Publié le 3 Juillet 2017

Je suis juste socialiste. Je défends une société dans laquelle le progrès puisse être accessible à tous. Cette idée d’égalité est fondamentale, l’égalité des chances, l’égalité de l’accès à des services publics qui permettent à tous le droit à l’école, à la santé, à la justice, à la culture, à la solidarité, à la protection de la personne, à la liberté. Je ne crois pas que la réussite matérielle soit l’essentiel dans la vie, nous avons, avant tout, besoin d’humanité. On ne peut que mal vivre dans une société où les uns ont tout et les autres n’ont rien. Je suis progressiste. La loi doit en effet évoluer avec la société, comme ont pu le permettre le droit à l’avortement, l’abolition de la peine de mort, le Pacs ou le mariage pour tous. Je suis pour la protection de l’environnement.

Socialiste, lors des dernières élections, j’ai apporté mon soutien à l’élection d’Emmanuel Macron. Je ne suis pas anticapitaliste. Une grande partie de notre économie est portée par des entreprises privées, petites ou grandes. Dans l’économie mondialisée, ces entreprises doivent être soutenues, dans un cadre régulé. La priorité aujourd’hui pour un socialiste, c’est en effet de résoudre le problème social majeur du chômage de masse. C’est pourquoi, j’ai soutenu la mutation de notre pensée économique de gauche voulue par le Président Hollande, pour une gauche réaliste dans un monde ouvert. Je suis également profondément européen, dans un monde instable, nous devons davantage nous unir. L’Europe porte un modèle de société démocratique et social. Nos différences sont bien moins grandes que ce qui nous unit pour défendre la paix et l’Humanité.

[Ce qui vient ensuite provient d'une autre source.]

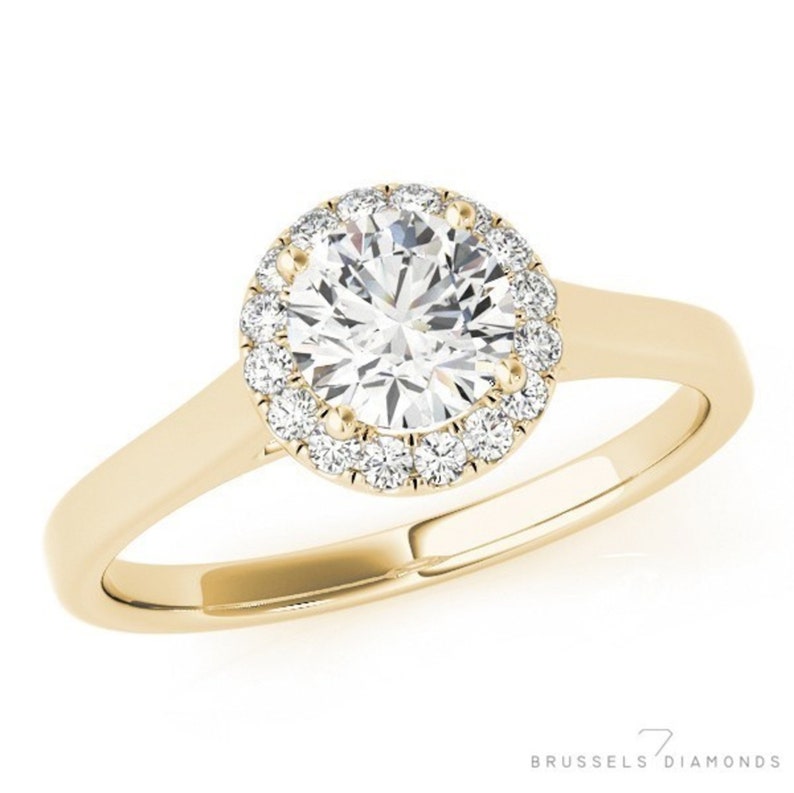 0 60 Ct Diamond Halo Engagement Ring Round Diamond Engagement Ring 100 Natural Diamond Round H Si2 Diamond Halo Ring 14k Yellow Gold
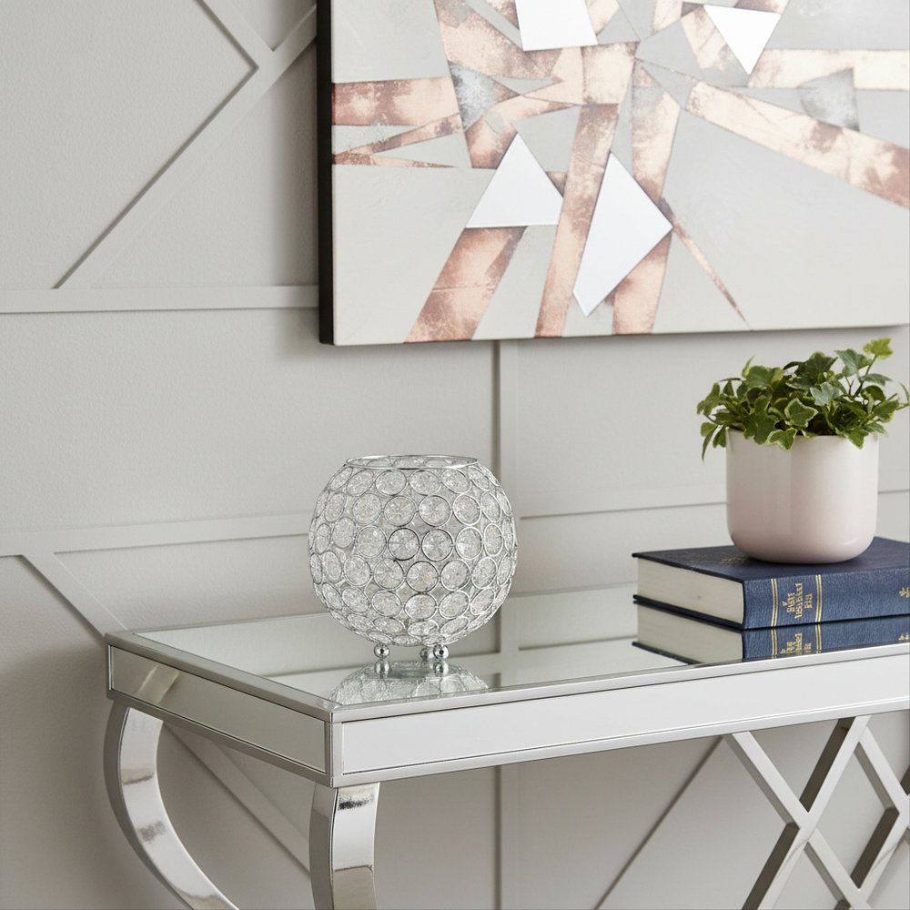 This 6-inch clear and silver faux crystal and metal round table vase is the perfect accent for your living room, bedroom, dining room, or lounge. The round shape adds a modern glam touch that is ideal for displaying fresh or dried flowers. Crafted from durable faux crystals and metal, this vase is a versatile accent that can be used as more than just a vase as it combines luxurious elegance with functionality. Perfect for tabletops, shelves, or entryways, this vase effortlessly enhances the ambiance of your living space while adding a touch of sophistication. 5.50-inch h x 6.00-inch w x 6.00-inch d.

Je soutiens aujourd’hui la refondation de la gauche de gouvernement, parce que nous portons avec le socialisme une conception de la société qui me semble juste et humaine. Le parti socialiste est mon parti. Je me suis battu au fil des congrès, sans réussir, pour réformer son mode de fonctionnement usé par des luttes internes et des batailles de pouvoir. Va-t-on réussir maintenant, après son effondrement, à le reconstruire sur de nouvelles bases ? La dernière réunion du Conseil national du Parti n’inaugure rien de bon. Il n’y a rien de nouveau, mais un enfermement dans une structure du passé pour affirmer une volonté d’opposition, une prise de position politicienne pour tenter encore d’exister. C’est tout le contraire qu’il faut faire. Il ne s’agit pas de s’opposer pour s’opposer. Il nous faut d’abord adopter une ligne politique claire humaniste, sociale, progressiste, européenne. Surtout nous avons besoin de repenser une politique économique crédible dans une économie ouverte.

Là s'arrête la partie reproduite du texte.